Bajo la lluvia
Gerardo Lartigue
El velocímetro marcaba 140 km por hora. Las llantas se fijaban al pavimento nuevo, siempre nuevo, sin emitir rechinido alguno. Faltaba una hora para llegar a París. En menos de diez minutos recogería a una tal Verónica en la gare de Orleans. "Te voy a presentar a una amiga muy guapa, una compatriota tuya que conocí en una fiesta latina. Es más, serás tú quien pase a buscarla. Te queda de paso. Te la encargo mucho..." No podía negarle el favor a Claude. Hubiera preferido terminar solo el viaje y conocer a esta mujer ya en el restaurante, entre los demás invitados, y así evitar pasar de las preguntas triviales, ¿desde hace cuántos años vives en Francia?, ¿en qué trabajas?, o ¿hablas bien francés?; a las inevitables pláticas comprometedoras del género: ¿Porqué dejaste el país? o ¿No extrañas a tus amigos? Pablo hubiese deseado cortar su pasado; creía que era cierto eso de que la vida es como una madeja que se va deshaciendo por donde uno pasa, dejando un hilo del cual cualquier día alguien jala hasta encontrarnos.

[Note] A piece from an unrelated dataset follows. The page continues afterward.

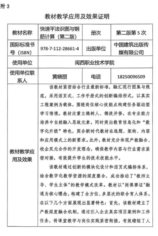 在2021年职业院校教师教学技能大赛高职组专业课程一组课堂教学比赛中,参赛作品《现浇混凝土框架平法施工图识读》荣获三等奖 |
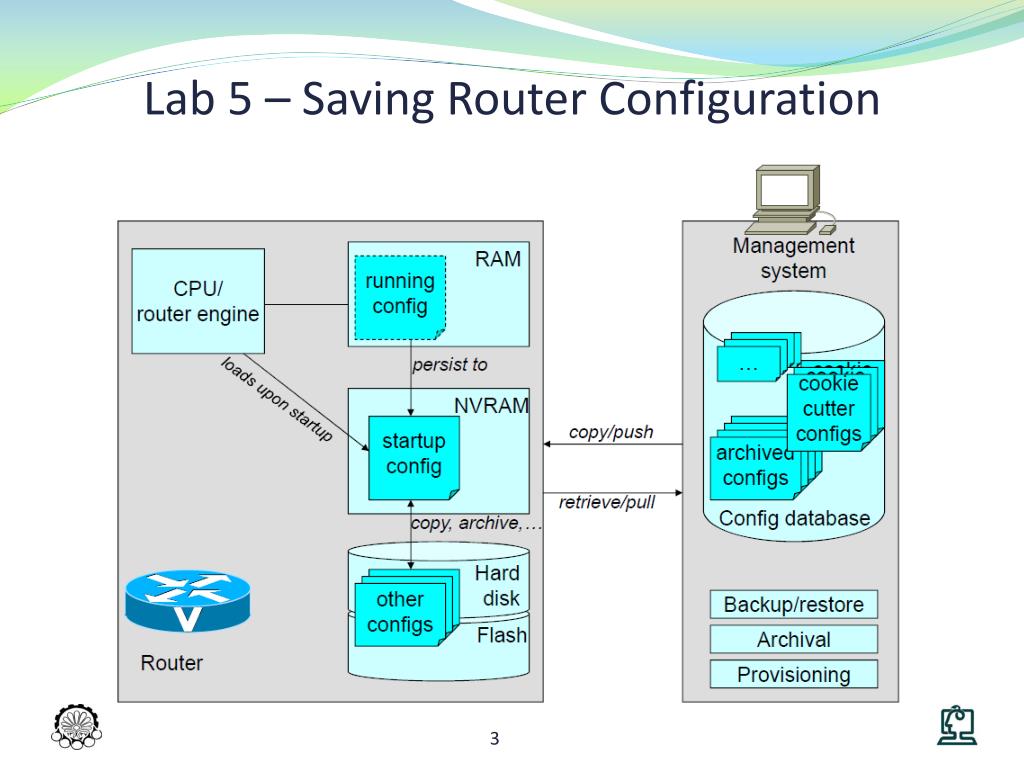Labs 5,6,7,9 of Boson NetSim. Lab 5 – Saving Router Configuration. What is the config ?!! Contains commands that are executed when the device starts up Subject to back up, restore, FTP, … Running config is internally not a file, but generates corresponding file when persisted

Le encantaba viajar con la luz del atardecer, cuando las sombras se alargan hasta fundirse en la materia y que las primeras luces encendidas recuerdan a nuestros sentidos que poco a poco desaparecerá el mundo visible, anunciando la aparición de una cierta irrealidad que impregnará las cosas. La desventaja de las carreteras departamentales es que continuamente se tiene que disminuir la velocidad para cruzar poblados y que su trazo sinuoso impide acelerar demasiado, pero tienen la ventaja de permitir disfrutar de la belleza del paisaje. Rara vez tomaba una autopista porque pensaba que eran zonas de "inexistencia"; simples líneas que unen dos puntos, una especie de trámite entre dos etapas, con el mismo paisaje monótono de principio a fin. Prefería la idea de viajar en todo el sentido de la palabra, es decir de desplazarse despierto, percibiendo el entorno, haciendo del trayecto la parte principal del viaje, un fin en sí mismo, al igual que la vida, que para algunos es solo un medio para llegar a... ¿A qué?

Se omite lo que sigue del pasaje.